For example, consider a stack machine instance,  $SM_{f,h}$ , where we choose to locate functions f (of arity 2) and h (of arity 3). Then  $n_{f,h}=3$  yielding signature:  $SM_{f,h}(\mathbf{a}_1,\mathbf{a}_2,\mathbf{a}_3,PC,SP)$ .  $IM_{f,h}$  is an instruction memory containing compiled code for f and h. To compute the value of h(x,y,z) we invoke  $SM_{f,h}$  with arguments  $\mathbf{a}_1=x$ ,  $\mathbf{a}_2=y$ ,  $\mathbf{a}_3=z$ ,  $PC=ext\_h_{entry}$  (h's external entry point—see Section 2.3) and SP=0. Similarly to compute the value of f(x,y) we invoke  $SM_{f,h}$  with arguments  $\mathbf{a}_1=x$ ,  $\mathbf{a}_2=y$ ,  $\mathbf{a}_3=0$ ,  $PC=ext\_f_{entry}$  and SP=0. Note how we pad the  $\mathbf{a}$ -arguments with 0's since arity(f)<3.

The co-design of hardware and software means that instructions and ALU operations are only added to  $SM_i$  if they appear in  $IM_i$ . Parameterising the stack machine template in this way can considerably reduce the area of the final design since we remove redundant logic in each processor instance.

We can consider many other areas of parameterisation. For example we can adjust the op-code width and assign op-codes to minimise instruction-decoding delay [17]. Figure 4 gives the SAFL code for a 16-bit stack machine instance<sup>4</sup>. An alu2 function, and an example stack machine program which computes triangular numbers is shown in Figure 3.

<sup>&</sup>lt;sup>4</sup> Approximately 2000 2-input equivalent gates when compiled using the SAFL silicon compiler. For simplicity we consider a simple stack machine with no Call\_Ext instructions.

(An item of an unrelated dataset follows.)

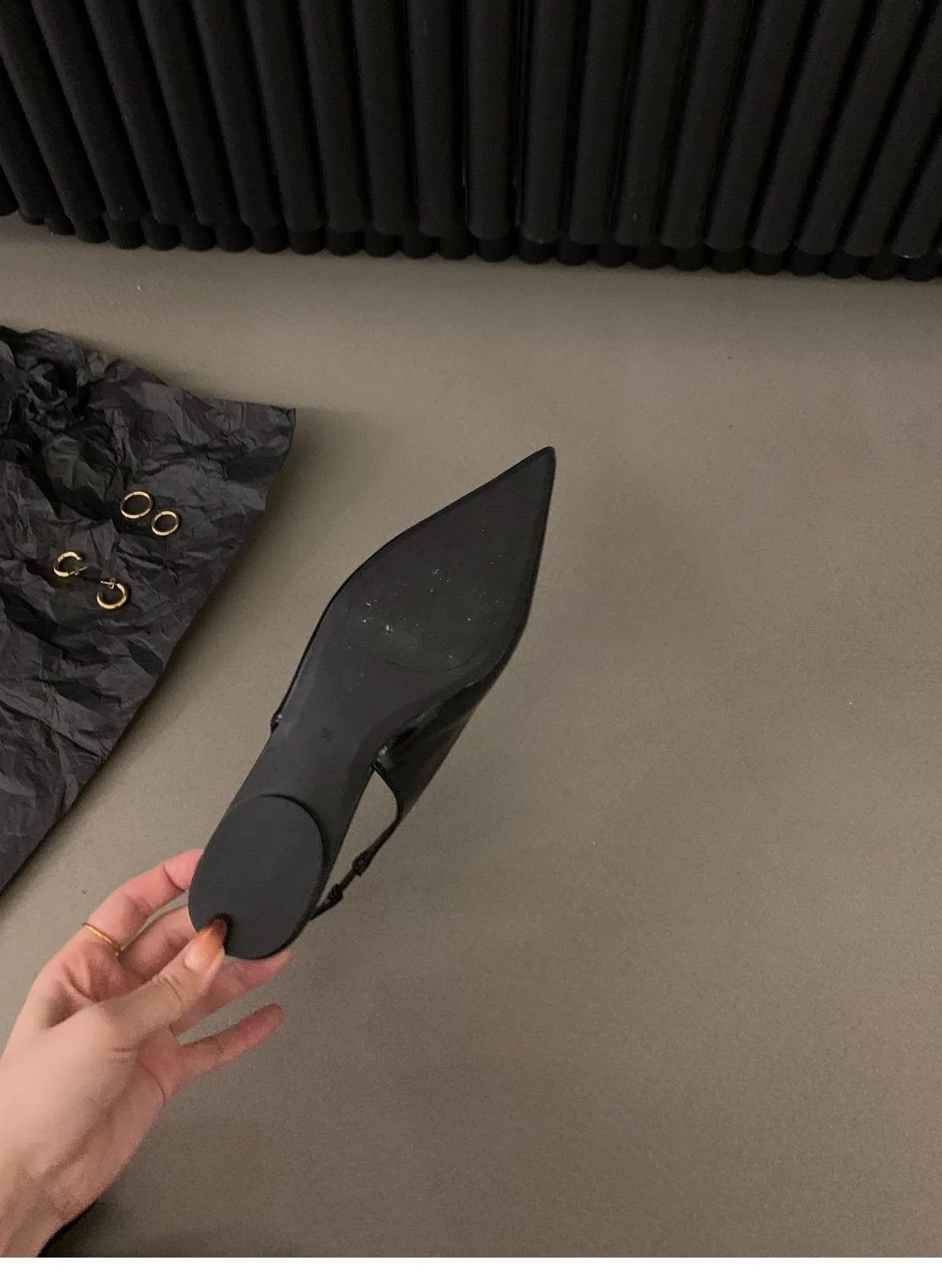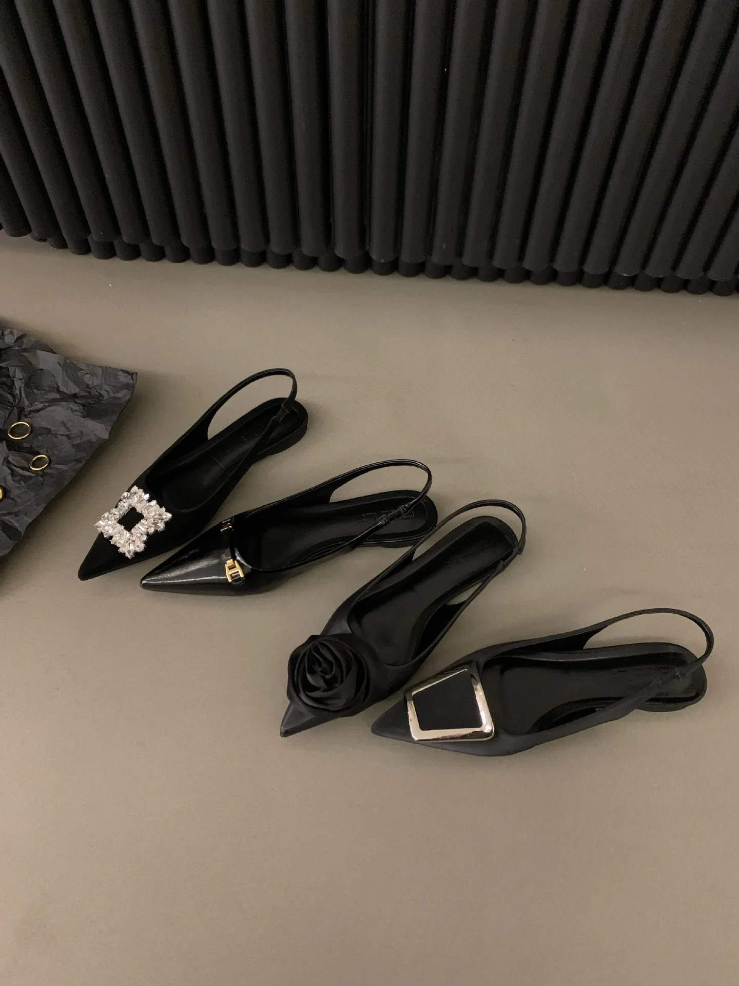 QuiteS French Flat Black Sandals Ladies Sandals New Design Latest Spring Pointy Rhinestone Temperament Single Shoes

#### 2.3 Compilation to Stack Code

Figure 2 gives a compilation function from SAFL to stack based code. Although the translation of many SAFL constructs is self-explanatory, the compilation rules for function definition and function call require further explanation:

# **Compiling Function Definitions**

The code generated for function definition

fun 
$$f(x_1,\ldots,x_k)=e$$

requires explanation in that we create 2 distinct entry points for f:  $f_{entry}$  and  $ext_-f_{entry}$ . The internal entry point,  $f_{entry}$ , is used when f is invoked internally (i.e. with a Call\_Int instruction). The external entry point,  $ext_-f_{entry}$ , is used when f is invoked externally (i.e. via a call to  $\pi(f)$ , the machine on which f is implemented). In this latter case, we simply execute k PushA instructions to push f's arguments onto the stack before jumping to f's internal entry point,  $f_{entry}$ .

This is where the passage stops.